Soybean markets have faced some headwinds in recent weeks with global stockpiles swelling above expectations, though Brazilian farmers are still planting their upcoming harvest and the outcome is still far in the future.

However, it has been a few years since Brazil’s soybean crop came up short as the growing season usually coincides with reliably favorable weather. The odds are good in any given year that Brazil’s crop will meet or exceed expectations, ensuring exportable supplies.

Brazil, the leading producer and exporter of soybeans, is off to an efficient start on its planting efforts. Nationally, planting progress was estimated between 36% and 38% complete late last week, ahead of the 27% that is more typical of the date.

Planting is well ahead of normal in top grower Mato Grosso, but farther south in No. 2 Parana, progress is slightly lagging. However, southern areas are getting much-needed rain following the dry winter.

Faster planting does not necessarily ensure bigger yields, though it means earlier supply availability barring harvest disruptions. Traders will be watching Brazil’s growing weather in the coming months, but a bullish price story is unlikely to unfold on the production side.


Brazil’s soy crop can thrive even under drier-than-normal conditions, especially in the north, because of how much rainfall occurs. Accumulation in December, a key month for yields, averages around 220 mm (8.7 inches) in Mato Grosso’s primary production area.

For comparison, top U.S. soy producer Illinois averages about 3.65 inches in August. Southern Brazil can also expect decent rainfall, with December and January totals in Parana each averaging at least 6.5 inches.

Mato Grosso has had only one truly lousy soybean harvest in the last decade or so, and that was in early 2016 after an unusually dry stretch the year before. Excessive, prolonged heat combined with the dryness cut yields down by more than 10%.

Coincidentally, Brazil’s 2015-16 soybean harvest was the only one of the past nine where the U.S. Department of Agriculture’s initial peg was too high. The margin was only 1.3 million tonnes (1%) between initial and final, suggesting Brazil’s worst years are not really that bad.

Brazilian statistics body Conab has had a similar tendency of being too conservative on production. The agencies’ estimates tend to move closer to the final during planting once more is known about area, but they have been seemingly slower to adopt Brazil’s recent yield trend.

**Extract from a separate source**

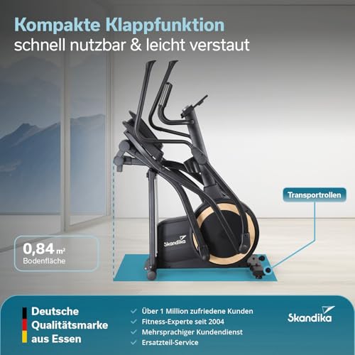 Produktbeschreibung: Skandika Crosstrainer für Zuhause Carbon P25-G, Crosstrainer klappbar, sehr leise, mit Generator verbraucht kein Strom, 32 Stufen, Kinomap App kompatibel, kompakt, Cardio, Ellipsentrainer Bis 150Kg

USDA has projected Brazil’s 2021-22 soybean output at a record 144 million tonnes, up 5% on the year, though Conab is less aggressive at 140.8 million tonnes.

Brazil’s yields have surpassed those of the United States in recent years, though they have been comparable for more than two decades. Brazil’s five-year average yield is 3.45 tonnes per hectare (51.3 bushels per acre) versus 3.36 tonnes per hectare (50 bpa) for the United States, according to USDA data.

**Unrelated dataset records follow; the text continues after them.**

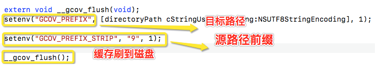 通过Pod的插件方式,我们使用C++混编,调用外部的__gcov_flush方法把覆盖率gcda从内存刷到硬盘。为了方便交叉编译,GCC设计了两个与生成路径相关的变量GCOV_PREFIX,GCOV_PREFIX_STRIP,如下图。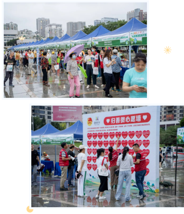 活動現場,相關單位及公益企業的志愿服務隊在廣場開展生態環境志愿服務,吸引了八百多名群眾前來參加。志愿者團隊以擺攤的形式為群眾提供義診、義剪、無償獻血等便民服務。其中,“微心愿”認捐攤位前人頭攢動,熱心群眾為50名困境青少年認捐小小心愿,幫助他們實現微小又純真的夢想。志愿者們用實際行動詮釋“奉獻、友愛、互助、進步”的志愿精神,為現場的群眾帶來一次舒心的活動體驗。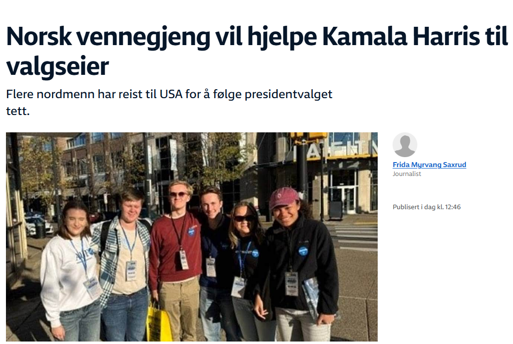 En norsk vennegjeng vil hjelpe Kamala Harris til valgseier, skriver Frida Myrvang Saxrud i NRK, som om det var det mest naturlige i verden. Alle i vennegjengen er aktive i AUF, hvor de har verv. Myrvang Saxrud skriver:

The corn crop in Brazil is much less stable than soybeans, especially with the rise of second-crop corn plantings in the last decade. A large chunk of Brazil enters its dry season during that growing window, which can limit yields if the rains shut off early, and colder temperatures can threaten in the south.


Mato Grosso is among the first states to harvest soybeans, so exports can accelerate when farmers there start making progress. In years where those soybeans were planted quickly, like 2018 and 2019, harvest also accelerated quickly in late January and February.

Brazil’s soybean exports got off to a faster start early in 2019 and 2020, edging out U.S. exporters at the tail end of their season. Even in early 2021 when Brazil’s soy harvest was late, exporters made up for the lag with huge record efforts in March, April and May.

Brazil’s delayed campaign a year ago extended the U.S. shipping window through January, but the big push out of Brazil in the following months sent U.S. exports to historical lows in their off-season.

The looming Brazilian harvest is already jeopardizing U.S. potential. Soybean export prices out of Brazil for early 2022 are much more attractive than current U.S. ones at a time when U.S. sales should be strong. Top buyer China has not recently shown heightened, consistent interest in the U.S. oilseed.